Reproduce the lines of the material exactly, excluding every image.
**** RECORDS SUPPLIED
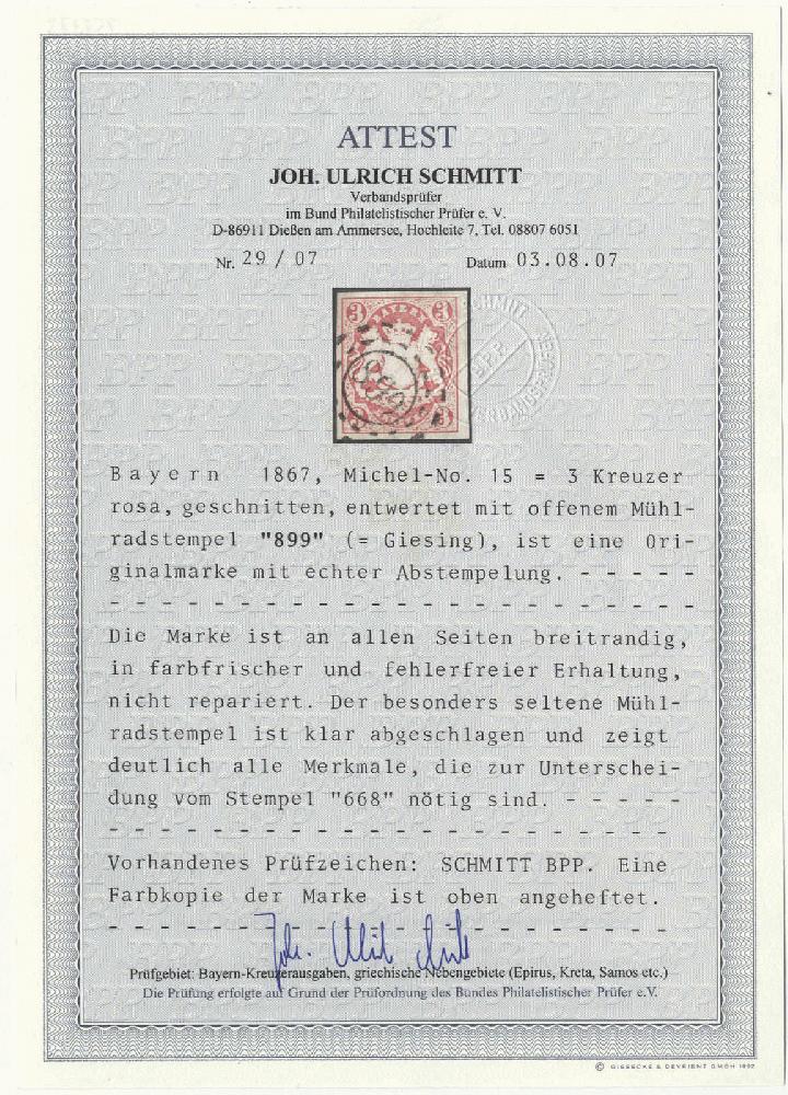 | Prüfer: | Schmitt, Joh. Ulrich (BPP (Bund Philatelistischer Prüfer)) |
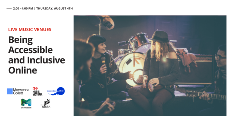 As part of the Music Venues Project, Music Victoria is providing free training in online accessibility to venues and other music industry stakeholders to show you how to make your digital content, from your website to your social media channels, accessible to everyone in the community.
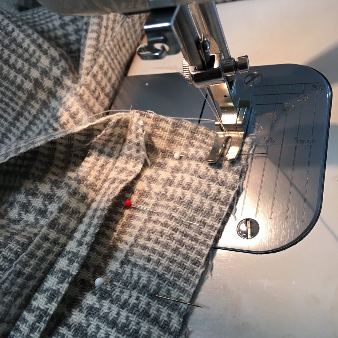 Making Jump suit #2 Saturday, December 12th, 2015 グレンチェックのジャンプスーツを一気に縫い上げました。 今回はVネックのパターンを使ったけど、今度はラウンドネックを黒ストライプで作ってみたい。 裾の裏地の処理をこの前から難しくしたのでまだ慣れないけど 裏地が動くようになって裾が釣れなくなったので良い出来です。 フロントファスナー開きにしました。サイドよりも着脱が楽。 パーツがいつもより多いだけで縫いやすいパターンになりました。 近いうちに着用画像を撮りたい。 ベルト切り替え部分 パンツのカーブポケット ミシン 見返し 裏地処理
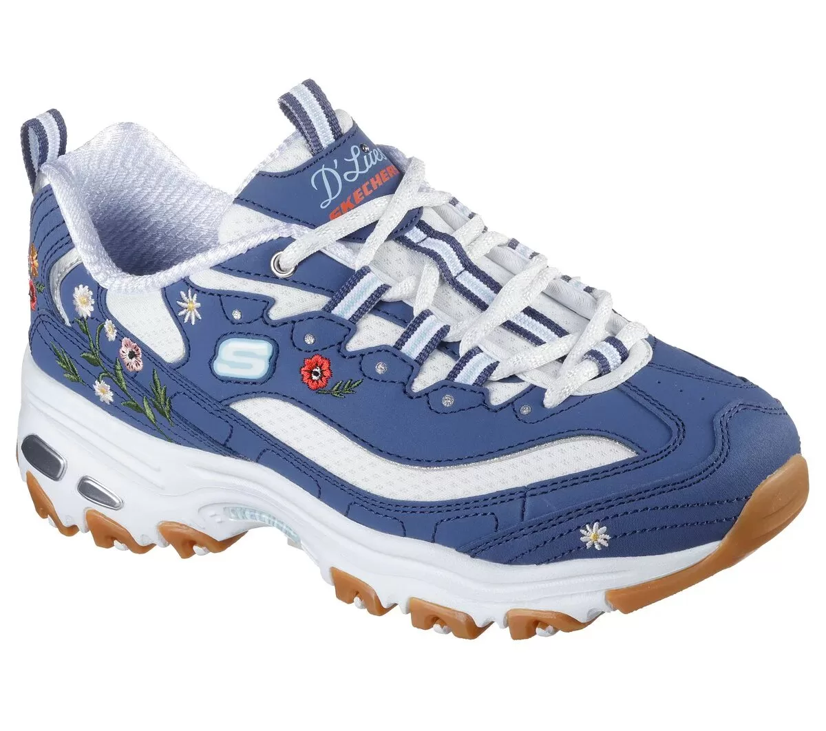 Step out in iconic style with a floral twist wearing Skechers D’Lites® – Spring Bloom. This casual lace-up design features a duraleather upper with embroidered flowers, a cushioned Skechers Air-Cooled Memory Foam® insole, and a supportive shock-absorbing midsole.
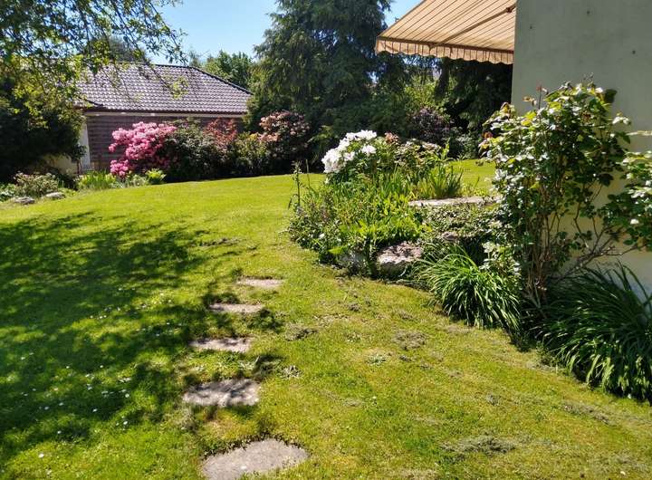 Das ruhige und sonnige gelegen Grundstück hat 1.323 m² und ist idyllisch eingewachsen. Das Grundstück ist bebaut mit einem Zweifamilienhaus aus dem Baujahr 1960. Der Bebauungsplan Nr. 87 für das Baugebiet "Kobelhang Ost" der Stadt Neusäß lässt eine Grundstückteilung unter Auflagen zu.
********
## REPLY TO THE EXERCISE
 | Prüfer: | Schmitt, Joh. Ulrich (BPP (Bund Philatelistischer Prüfer)) |
 As part of the Music Venues Project, Music Victoria is providing free training in online accessibility to venues and other music industry stakeholders to show you how to make your digital content, from your website to your social media channels, accessible to everyone in the community.
 Making Jump suit #2 Saturday, December 12th, 2015 グレンチェックのジャンプスーツを一気に縫い上げました。 今回はVネックのパターンを使ったけど、今度はラウンドネックを黒ストライプで作ってみたい。 裾の裏地の処理をこの前から難しくしたのでまだ慣れないけど 裏地が動くようになって裾が釣れなくなったので良い出来です。 フロントファスナー開きにしました。サイドよりも着脱が楽。 パーツがいつもより多いだけで縫いやすいパターンになりました。 近いうちに着用画像を撮りたい。 ベルト切り替え部分 パンツのカーブポケット ミシン 見返し 裏地処理
 Step out in iconic style with a floral twist wearing Skechers D’Lites® – Spring Bloom. This casual lace-up design features a duraleather upper with embroidered flowers, a cushioned Skechers Air-Cooled Memory Foam® insole, and a supportive shock-absorbing midsole.
 Das ruhige und sonnige gelegen Grundstück hat 1.323 m² und ist idyllisch eingewachsen. Das Grundstück ist bebaut mit einem Zweifamilienhaus aus dem Baujahr 1960. Der Bebauungsplan Nr. 87 für das Baugebiet "Kobelhang Ost" der Stadt Neusäß lässt eine Grundstückteilung unter Auflagen zu.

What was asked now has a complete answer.